1.2 - The specific benefits of tap water for health: Directive 98/83 / EC
Besides these, what benefits for our health would we have if we consumed tap water instead of bottled water?
What all the waters to drink must have in common is the fact that they are drinkable, that is, they must be hygienically safe, have an odor and taste that make them acceptable, and respect precise criteria and limits regarding the chemical and physical characteristics. In fact, in order to guarantee safety for human consumption, Art. 4 of Directive 98/83 / EC obliges Member States to respect some minimum requirements, so that the water is defined as drinkable and, that is, does not contain micro-organisms and pests or other substances, in quantities or concentrations such as to represent a potential danger to human health and meets the minimum requirements, or microbiological and chemical parameters, established at Community level. To this end, Member States set parametric values at national level, which cannot be less stringent than those indicated in Annex I of that directive.

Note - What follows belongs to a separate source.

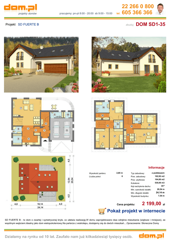 pracujemy: pn-pt 8:00 - 20:00 sb 9:00 - 15:00 22 266 0 800 tel. 605 366 366 Projekt SD FUERTE B zbuduj DOM SD1-35 Informacje Wysokość parteru: Liczba pokoi: 2,65 m 6 Typ zabudowy: z poddaszem Pow. zabudowy: 162,92 m2 Pow. użytkowa: 164,80 m2 Kubatura: 530,00 m3 Kąt nachylenia dachu: 35 0 Min. szerokość działki: 20,54 m Min. długość działki: 24,14 m Wysokość budynku: 7,54 m Cena projektu: 2 199,00 zł Pokaż projekt w internecie SD FUERTE B - to dom o zwartej i symetrycznej bryle, co ułatwia realizację.W domu zaprojektowano dwa odrębne mieszkania (większe i mniejsze), ze wspólnym wejściem.Idealny jako dom wielopokoleniowy.Na parterze z wiatrołapu, dostajemy się do dwóch mieszkań....Opracowanie: Słoneczne Domy Działamy na rynku od 10 lat. Zaufało nam już kilkadziesiąt tysięcy osób.

Furthermore, the directive establishes that the parameter values must be respected in the points specifically indicated by Article 6 and provides for the control of drinking water by the Member States (Article 7), in order to ascertain compliance with the parameter values , through analysis methods (sampling and possible disinfection treatment), the indication of the withdrawal points, as well as the establishment of adequate control programs.
All this makes us understand how clean, safe and healthy tap water is as bottled mineral water since it must be continuously subjected to treatments, analyzes and controls that ensure its purity.
Today, 20 years after its entry into force, the European Council Drinking Water Directive (Directive 98/83 / EC) is subject to revision. An update called for by several parties to ensure minimum quality and safety standards that respond to the evolution of pollutants. A proposal aimed at reinforcing the right to good quality water, touching on the themes of accessibility, consumer protection, health, quality of life, up to the circular economy and sustainable development.